# keeping stud boys



## catcoonz (Aug 4, 2012)

so I have a noisy studboy, he loves to call the girls, now I have neighbours so is there anyway to keep both happy, mainly the neighbours.


----------



## havoc (Dec 8, 2008)

It isn't easy. Stud boys can cause problems with neighbours. The best I can suggest is to ensure his indoor accommodation is well soundproofed and you make sure he's shut away at a reasonable time each evening until at least 8am. Councils are far more bothered about disturbance at night though this doesn't mean your neighbours can't complain about daytime noise.


----------



## catcoonz (Aug 4, 2012)

Thankyou Havoc.


----------



## chloe1975 (Mar 17, 2013)

You have my sympathies, my neighbours do not particularly like us having the cats and have caused no end of grief. I don't think there is an easy way as Havoc says. Luckily our boy has his own facilities within the house so only we are disturbed by him. Not that he is very noisy but does like to chat with the ladies if they go up to his pen.


----------



## moggiemum (Mar 28, 2013)

catcoonz said:


> so I have a noisy studboy, he loves to call the girls, now I have neighbours so is there anyway to keep both happy, mainly the neighbours.


i think you are gonna have to get good at baking really lush chocolate cakes , let me know if you do i'll move in next door 

i really miss my boy's caterwauling , amazing his vocabulary , he was neutered late , still chatty but not the same ah well he is less of a drama lhama now ,

hope you find some solution s CC, but chocolate cake is all i can think of right now


----------



## Cosmills (Oct 3, 2012)

Mine is not too bad , he squeeks more than calls ... He is next to my girls so doesn't really feel the need .. Take a girl away and he shouts at me 

We have weather boards up, so that reduces the noise from the girls and his squeeks


----------



## catcoonz (Aug 4, 2012)

chocolate cake wouldn't even crack a smile on that old bats face so I guess it maybe stud pants.


----------



## Cheryl89 (Jun 24, 2013)

Hahahaahaha CC I'm laughing you're so funny :ciappa: xxxx


----------



## Taylorbaby (Jan 10, 2009)

Does he have a neutered friend?
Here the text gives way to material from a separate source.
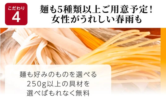 店内には、野菜・きのこ・肉・海鮮など60種類以上の具材を取り揃え、お客様自身で好きな食材を選び、好みの一杯をカスタマイズできます。

I rem my boy crying, but he was ok with a friend, but his son was not able to ever go outside, he was a proper mummies boy, but I didn't want him outside so neutered him and kept 2 girls back :001_wub:

I do know of people that had serious problems with their neighbours, one was stopped from building outside cat houses due to cat noise and the other now has bad blood between her neighbours as the boy cries 24-7 and she is now neutering him due to problems, he is really loud as well! 

I always worry about noise, but luckily all mine are indoors so unless the windows and doors are open, we are ok... I think lol!  :laugh:


----------



## spotty cats (Jul 24, 2012)

I know breeders who keep a battery powered radio in with their boy for company when they don't get along with a neutered friend. Switched on at night it does seem to work.

My boy is indoors most of the time and quiet when out so I've not tried it myself.


----------



## catcoonz (Aug 4, 2012)

Yes he lives with a friend that he has grown up with.
The pen is both, it has a big night compartment plus the run, but I really didn't want to shut him in. Its not a problem to shut him in though.

Radio, well next door has builders with a radio blasting out and he likes to chat away to them, he can get louder than the radio.

As ive heard stud boys get louder with age and after being used so many times I only have one option, give him back and I have waited 4 years for this type of boy with the pedigree to compliment my queens.


----------



## spotty cats (Jul 24, 2012)

Could the building work be upsetting him?


----------



## catcoonz (Aug 4, 2012)

Maybe, they started ages ago and he has been with me for 4 weeks so he is still settling in, that's why his friend came too, to help him.

The ideal solution would be for a bus to hit the nagging bag, but doubt that is going to happen.

Problem is the more she complains the more trouble I could end up in.


----------



## spid (Nov 4, 2008)

As he is so new he is still settling in and the building work could be upsetting him. I would try stud pants and bring him in for some of the day.


----------



## moggiemum (Mar 28, 2013)

when people say stud pants can they please say "stud pants for cats" as i am very sentisive you know or maybe it's just nearing that time but i keep coming over all hot and flustered :huh::blush:


----------



## catcoonz (Aug 4, 2012)

Ohhhh STUD PANTS 



for cats


----------



## ChinaBlue (Feb 3, 2008)

Could you sound proof his indoor accommodation - I know you cannot sound proof his outside run bit but at least if you could sound proof the indoor bit it may cut down on the noise? Can you put some tall bushes/shrubs between the pen and the neighbours - again the hope you can muffle the noise somewhat?!!


----------



## havoc (Dec 8, 2008)

That's exactly the sort of thing you have to do and it's only fair. Even the nicest, most tolerant neighbours deserve our best efforts. Mine are great but I'm very aware they could be disturbed and they have a right not to be. My boy can be very loud and all my neighbours know to let me know if they are having a daytime barbeque or party so I can shut him away for a couple of hours and give them some peace. I do have quite substantial indoor accommodation so I'm not shutting him up in a 4ft by 3ft box. It's something I'd advise all potential stud owners to consider. Always go for the biggest space possible as it gives you greater flexibility.


----------



## catcoonz (Aug 4, 2012)

I am having a new cat pen built for him with sound proofing so hope that works, can easily plant trees etc to get the noise down.

Will try the stud pants for cats aswell as if it means he can happily live indoors that would be great.


----------